AVAILABLE RECORDS START

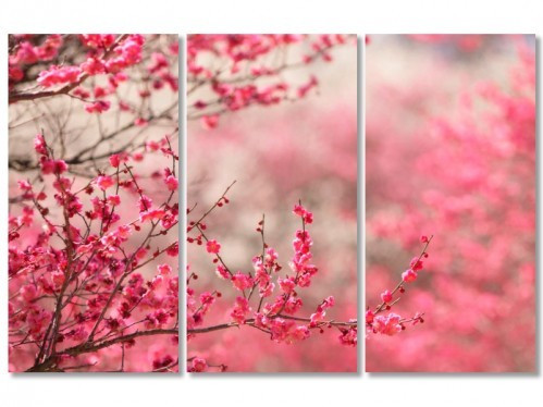 Модульная картина на холсте в комнату Розовый куст. Розовая сакура. Ветвь в цветах. Печать на холсте, в комплекте 3 модуля, общий габарит 90x60 см.
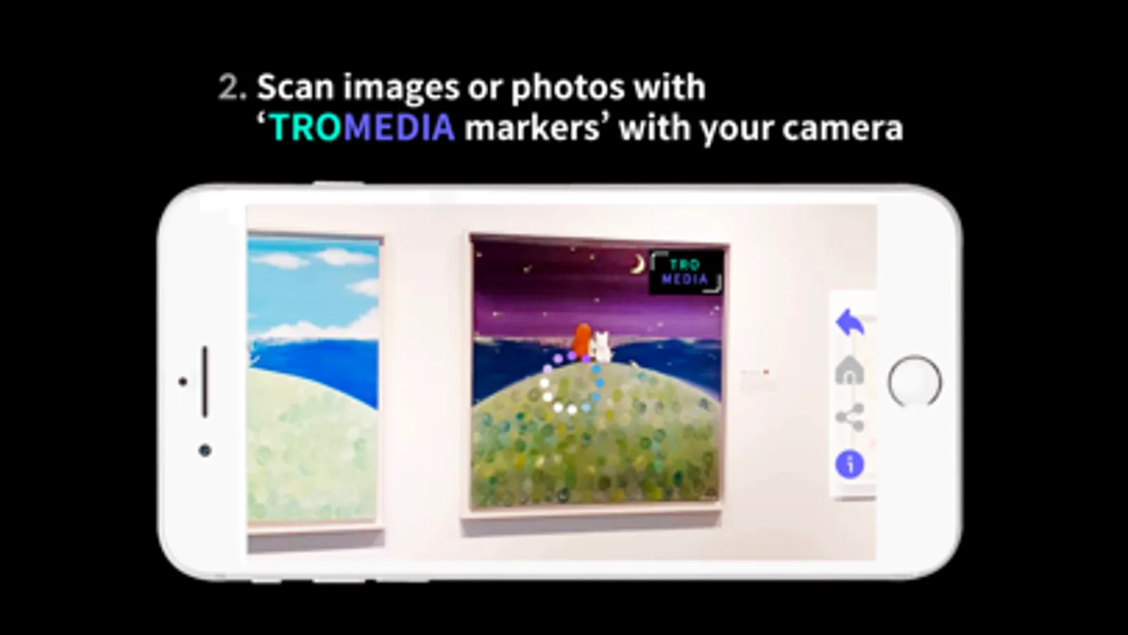 - Scan images or photos with ‘TROMEDIA markers’ with your camera.
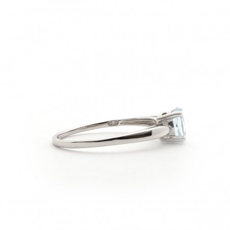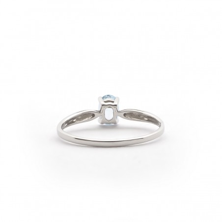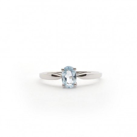 Sertie quatre griffes une sublime topaze ovale projette ses reflets bleus cristallins sur tous ceux qui poseront le regard dessus.
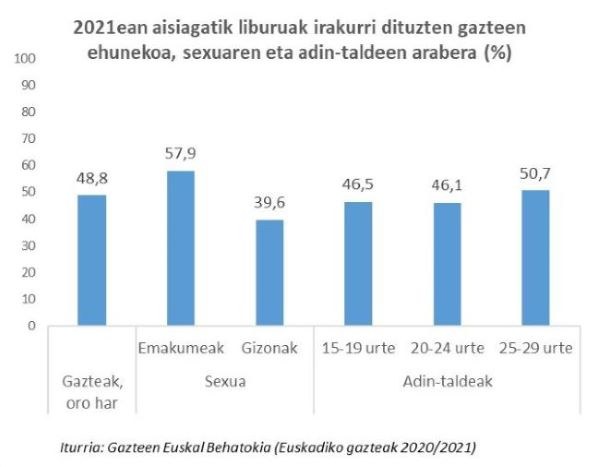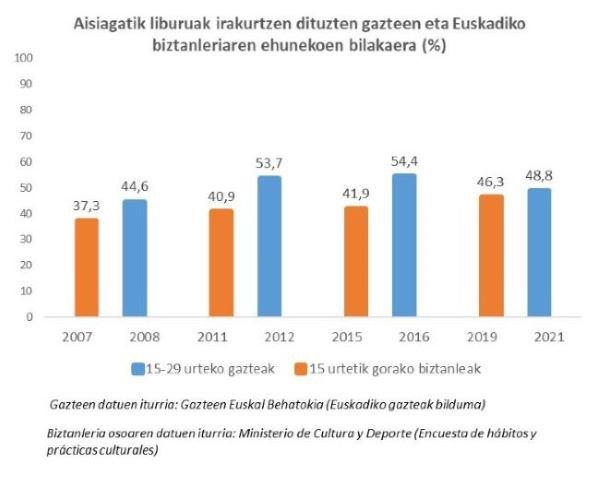 Eusko Jaurlaritzaren Gazteen Euskal Behatokiak emandako datuen arabera, Euskal Autonomi Erkidegoko 15 eta 29 urte bitarteko gazteen %48,8k adierazi du aurreko hilabetean libururen bat irakurri duela aisialdiagatik, hau da, ikasketekin eta lanbidearekin zerikusirik ez duena. Kopuru hori 2012an edo 2016an jasotakoak baino txikiagoa da, baina 2008koa baino handiagoa.
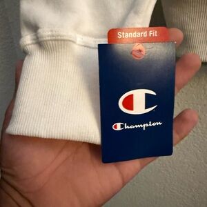 Classic white hoodie with iconic Champion logo. Comfortable and stylish for everyday wear.
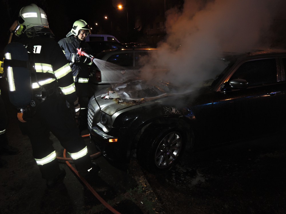 Žhář zapálil na sídlišti Broumovská luxusní Chrysler. Foto: HZSLK
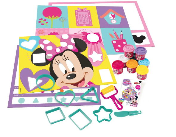 Με τους μεγάλους κόφτες σχημάτων, τις ανθεκτικές κάρτες εκμάθησης διπλής όψης και τα δύο ταμπλό παιχνιδιού 2 όψεων, τα παιδιά μπορούν να αντιληφθούν εύκολα τις έννοιες των σχημάτων, αλλά και των χρωμάτων. Με 6 τρόπους παιχνιδιού, ξεκινήστε μαθαίνοντας τα σχήματα και τα χρώματα αλληλοεπιδρώντας, με τη χρήση πλαστελίνης επάνω στις εικονογραφημένες κάρτες. Στη συνέχεια συσχετίστε τα σχήματα και τα χρώματα με αγαπημένα αντικείμενα από τον κόσμο της Minnie.
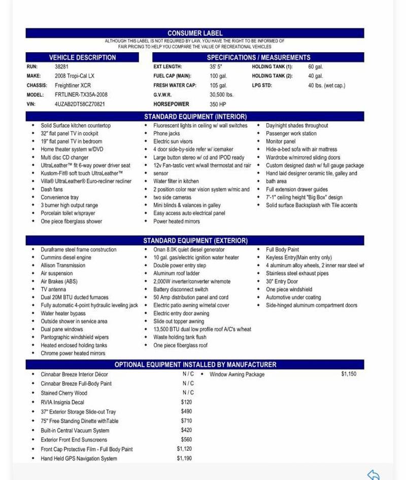 | 2008 Tropi-Cal LX RV, 35.5’, 49,000 miles, 350 HP Cummins 6.7 Diesel engine, Allison 3000 transmission, 3 slide outs, low mileage tires, well maintained, covered storage always. See copy of original specifications, standard and optional equipment enclosed. NADA estimate $106 k. |

AVAILABLE RECORDS END

HOW TO COMPLETE THIS TASK: The line containing "Eusko Jaurlaritzaren Gazteen" marks the start: set down exactly that line and every line after it through the last line of the data, without any pictures.

ANSWER FOR THIS EXERCISE:
 Eusko Jaurlaritzaren Gazteen Euskal Behatokiak emandako datuen arabera, Euskal Autonomi Erkidegoko 15 eta 29 urte bitarteko gazteen %48,8k adierazi du aurreko hilabetean libururen bat irakurri duela aisialdiagatik, hau da, ikasketekin eta lanbidearekin zerikusirik ez duena. Kopuru hori 2012an edo 2016an jasotakoak baino txikiagoa da, baina 2008koa baino handiagoa.
 Classic white hoodie with iconic Champion logo. Comfortable and stylish for everyday wear.
 Žhář zapálil na sídlišti Broumovská luxusní Chrysler. Foto: HZSLK
 Με τους μεγάλους κόφτες σχημάτων, τις ανθεκτικές κάρτες εκμάθησης διπλής όψης και τα δύο ταμπλό παιχνιδιού 2 όψεων, τα παιδιά μπορούν να αντιληφθούν εύκολα τις έννοιες των σχημάτων, αλλά και των χρωμάτων. Με 6 τρόπους παιχνιδιού, ξεκινήστε μαθαίνοντας τα σχήματα και τα χρώματα αλληλοεπιδρώντας, με τη χρήση πλαστελίνης επάνω στις εικονογραφημένες κάρτες. Στη συνέχεια συσχετίστε τα σχήματα και τα χρώματα με αγαπημένα αντικείμενα από τον κόσμο της Minnie.
 | 2008 Tropi-Cal LX RV, 35.5’, 49,000 miles, 350 HP Cummins 6.7 Diesel engine, Allison 3000 transmission, 3 slide outs, low mileage tires, well maintained, covered storage always. See copy of original specifications, standard and optional equipment enclosed. NADA estimate $106 k. |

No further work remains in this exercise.